THOUSAND OAKS, Calif. - Tiger Woods still isn't talking. Now he's not playing, either.
Woods withdrew yesterday from his own golf tournament, citing injuries from a car crash near his Florida home. His decision comes as questions continue to mount regarding what exactly happened in the wee hours of the morning Friday - questions that most certainly would have been asked of him had he played.
The world's No. 1 golfer posted a statement on his Web site saying that unspecified injuries prevented him from playing in the Chevron World Challenge in Thousands Oaks, Calif. He had been scheduled to hold a news conference today for the tournament, which he hosts annually for a small, invited field.
"I am extremely disappointed that I will not be at my tournament this week," Woods said. "I am certain it will be an outstanding event and I'm very sorry that I can't be there."

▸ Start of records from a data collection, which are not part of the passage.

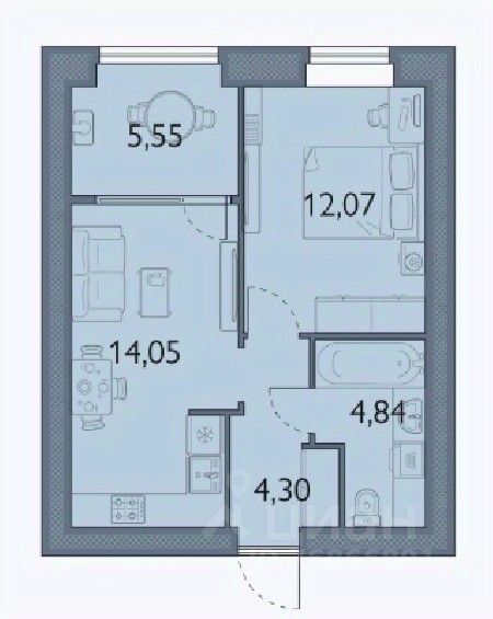 Большая кухня-гостиная и отдельная спальня;
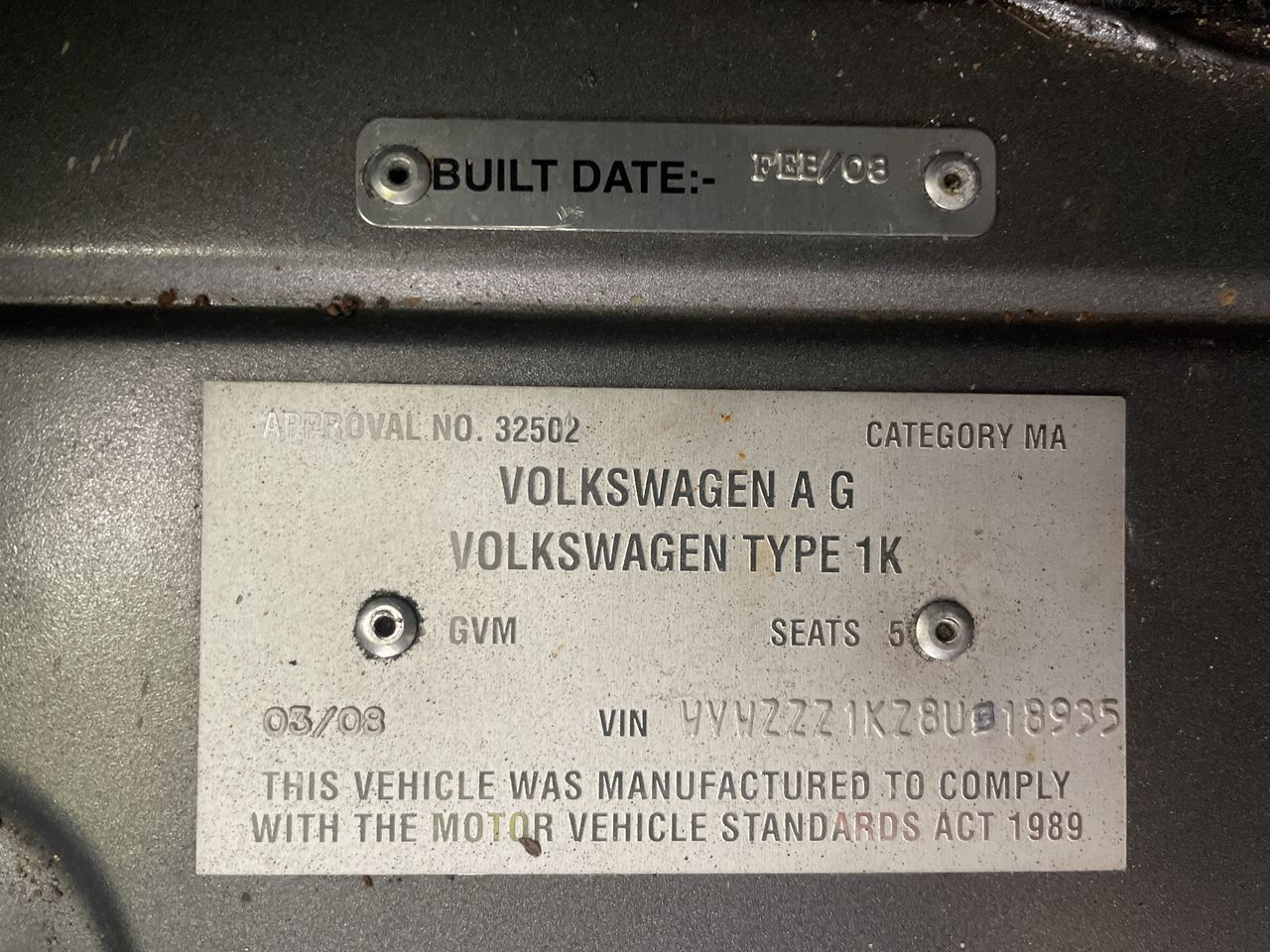(SN:WVWZZZ1KZ8U018935) (904088-586)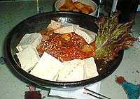 諦めて、せっかく新村まで来て何もせずに帰るのはしゃくなので、ソッテモリという民族居酒屋でビールと豆腐キムチ(写真)でのんびりする。W14,000。 商店街で伊勢海老キャッチャーを眺めてタクシーでホテルに帰る。タクシー代はW4,500。風呂に入って、明日のサウナの予約を電話し、夕食に出かける。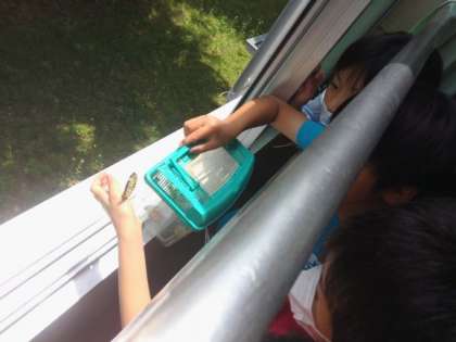 子どもの手からなかなか離れず,飛び立たなかったので,中庭に行って返してあげました。

Tournament officials said fans who bought advance tickets with the hope of seeing Woods could get refunds beginning next week. Those who keep their tickets will get a 20 percent discount when they buy them next year.
Woods sustained cuts and bruises when he crashed his SUV into a fire hydrant and a tree at 2:25 a.m., outside his home in an exclusive, gated community near Orlando. He was treated and released from a hospital, and has not been seen in public since.
By skipping the tournament, Woods will escape having to face TV cameras and a horde of media seeking more details about the incident. The tournament was to be the last of the year for Woods anyway, and he did not say when or where he would make his return next year. The first tournament of the 2010 PGA Tour is the SBS Championship in Hawaii, an event for winners from the previous year, beginning Jan. 7, but Woods wasn't expected to be there. He's more likely to play at Torrey Pines in La Jolla, Calif., the week of Jan. 25.
Woods released a statement Sunday saying the accident was his fault and asked that it remain "a private matter." But with the Florida Highway Patrol still investigating and the media in full pursuit, Woods may not get his way.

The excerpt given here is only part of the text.